Я слушал его сбивчивый рассказ с растущей тревогой, но изо всех сил старался не подавать виду. Я знал, что Холмс никогда не лжет. Кроме того, с первого взгляда было видно, что это не розыгрыш, на что он был мастак. Он говорил совершенно серьезно, задыхаясь от ужаса. Ни один из известных мне людей не мог бы совершить столько злодейств, сколько Холмс приписывал профессору. Невольно я вспомнил о злейшем враге Дон Кихота — Чародее.
Цветистая речь моего друга скорее увяла, нежели подошла к естественному завершению. От выкриков Холмс перешел к неразборчивому бормотанию, а потом и вовсе сбился на шепот. Если раньше он расхаживал по комнате, то теперь сначала прислонился к стене, потом и вовсе с рассеянным видом опустился в кресло. Прежде чем я смог что-либо сообразить, Холмс уже спал.
Молча сидел я перед догорающим камином и смотрел на своего друга. Никогда еще он не находился в такой опасности, как теперь, но я не мог понять, откуда исходит угроза. Судя по тому, как он говорил, он был под действием какого-то сильного наркотика.
Ужасная догадка поразила меня. Я вспомнил, во второй раз за вечер, что Холмс всегда говорил о профессоре Мориарти, когда оказывался во власти кокаина.

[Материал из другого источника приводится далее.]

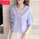 刺绣衬衫女2017夏装新款韩范V领气质显瘦小清新条纹衬衣女夏季潮
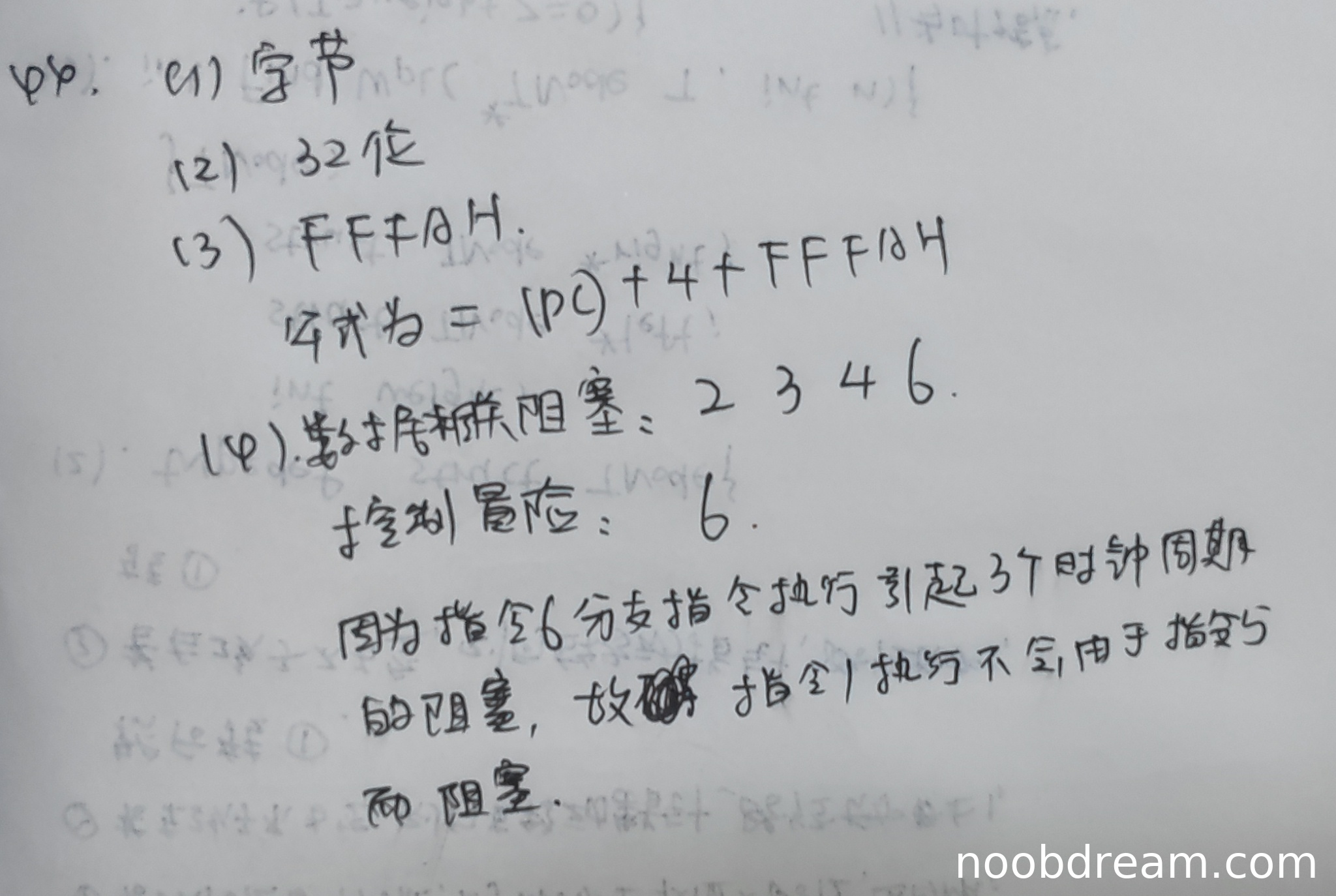 (4) 若M采用如下“按序发射、按序完成”的5级指令流水线:IF(取指)、ID(译码及取数)、EXE(执行)、MEM(访存)、WB(写回寄存器),且硬件不采取任何转发措施,分支指令的执行均引起3个时钟周期阻塞,则P中那些指令的执行会由于数据相关而发生流水线阻塞?哪条指令的执行会发生控制冒险?为什么指令1的执行不会因为与指令5的数据相关而发生阻塞?(5分)
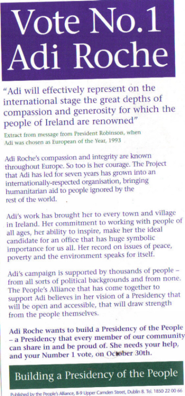 Adi Roche, the highly respected Founder of The Chernobyl Children’s Project ran in the 1997 Presidential election. She had been nominated by the Labour Party, Democratic Left and Green Party.
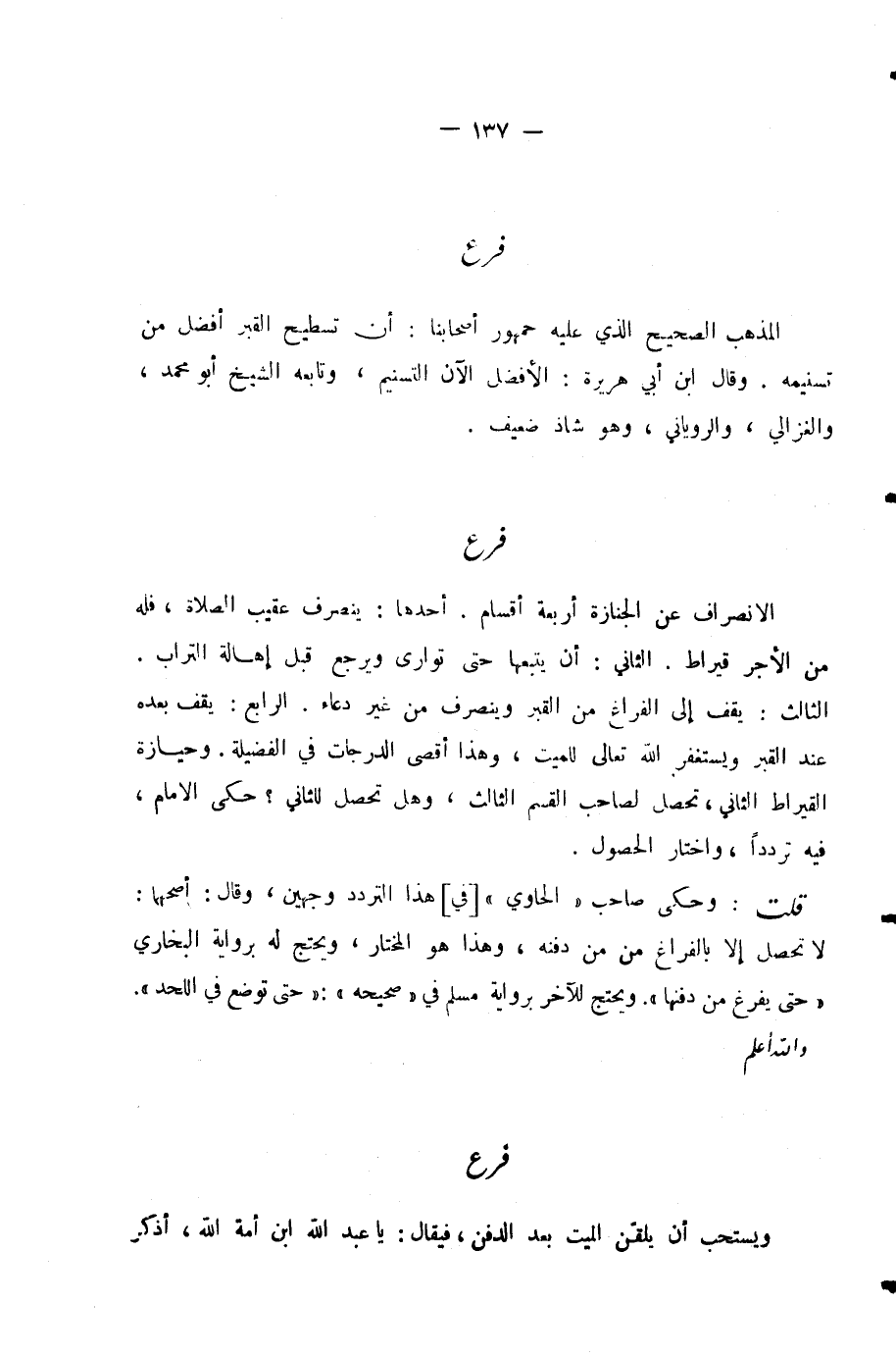 الْمَذْهَبُ الصَّحِيحُ الَّذِي عَلَيْهِ جُمْهُورُ أَصْحَابِنَا: أَنَّ تَسْطِيحَ الْقَبْرِ أَفْضَلُ مِنْ تَسْنِيمِهِ. وَقَالَ ابْنُ أَبِي هُرَيْرَةَ: الْأَفْضَلُ الْآنَ التَّسْنِيمُ، وَتَابَعَهُ الشَّيْخُ أَبُو مُحَمَّدٍ، وَالْغَزَّالِيُّ، وَالرُّويَانِيُّ، وَهُوَ شَاذٌّ ضَعِيفٌ.
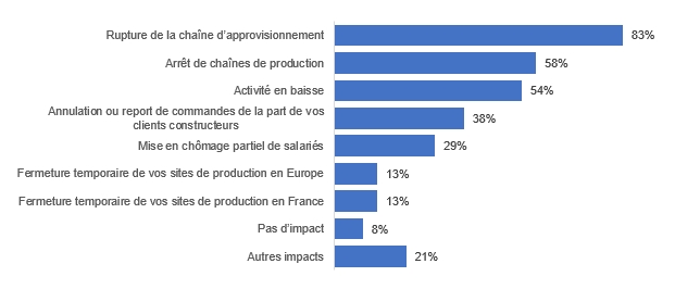 Les conséquences des pénuries, citées par les répondants, se manifestent par une rupture de la chaîne d’approvisionnement (83%), un arrêt des chaines de production (58%), une baisse de l’activité (54%), une annulation ou un report de commandes des clients constructeurs (38%), une mise en activité partielle de salariés (29%), une fermeture temporaire de sites de production en Europe (13%), une fermeture temporaire de sites de production en France (13%).
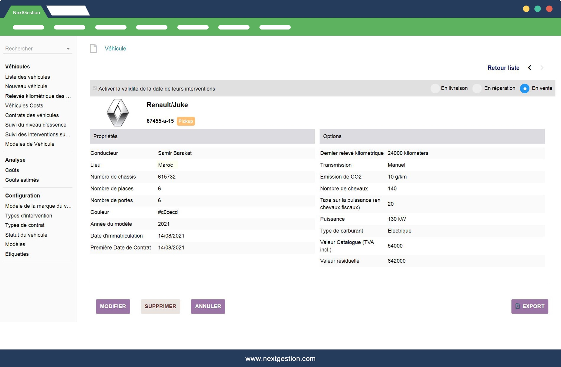 Module complet pour gérer notre parc automobile. Suivi des véhicules, contrats et entretien très pratique.

Я подкрался к креслу, где он лежал без движения, по-видимому, обессиленный, приподнял веки и снова осмотрел его зрачки. Потом я нащупал пульс. Он был неровным и слабым. Сначала я хотел снять с Холмса пиджак и посмотреть, нет ли у него на руках следов инъекций, но передумал: лучше было не делать этого, чтобы не разбудить его.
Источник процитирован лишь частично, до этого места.